Query began coordinating events part time. For more than a year, she ran her nascent business out of a small office at The Plantory, worked a 9-to-5 day job and then met with clients in the evenings. Coincidentally, just as her “side job” was growing big enough to need a tax ID, the restaurant where she worked announced it was closing. Query took a leap.
"We wanted to make an impact, and we wanted to create cool and unique things for people."
“My initial goal was to create events for the sake of entertainment,” Query said. “We wanted to make an impact, and we wanted to create cool and unique things for people. We’re a little bigger now than when I first started, but the goal is the same.”
It’s typical in the events industry to specialize, but early on she decided on a full-service firm—a one-stop shop that includes PR and marketing, registration and web support, videography, photography, graphic design and printing.
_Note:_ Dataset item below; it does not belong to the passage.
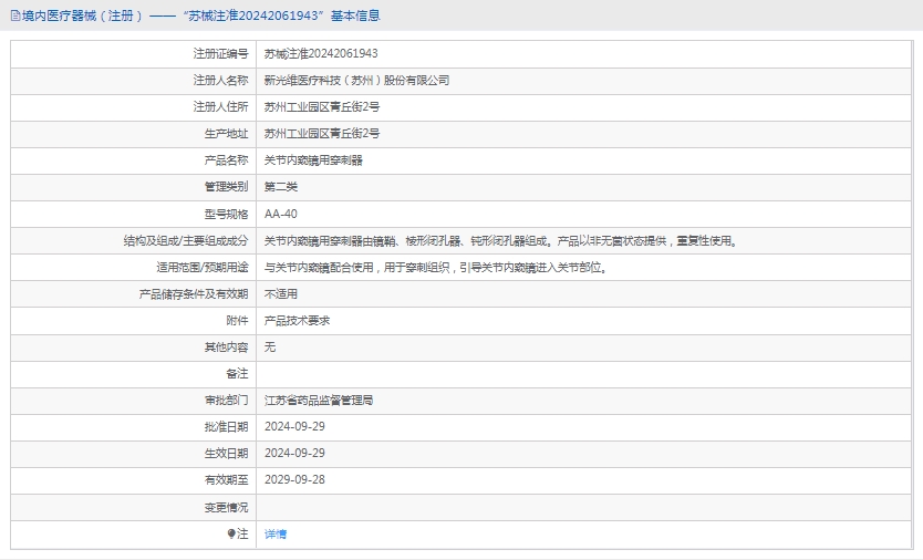 与关节内窥镜配合使用,用于穿刺组织,引导关节内窥镜进入关节部位。

Event manager Alyssa Masterson believes that keeping their services diverse is “extremely important” to LexEffect’s vision. But no matter the type of event—whether client-driven or entirely paid for and produced by LexEffect—the team’s collective experience and organization make them successful.
“Once we have the vision for an event, we break it down to the smallest details that many people wouldn’t think of,” Masterson said. “We’ve already been thinking it through in the back of our minds.”
The company’s passion and mission is made plain by its name; Query and crew hope that these new venues and events will have a lasting and positive effect in the Lexington community.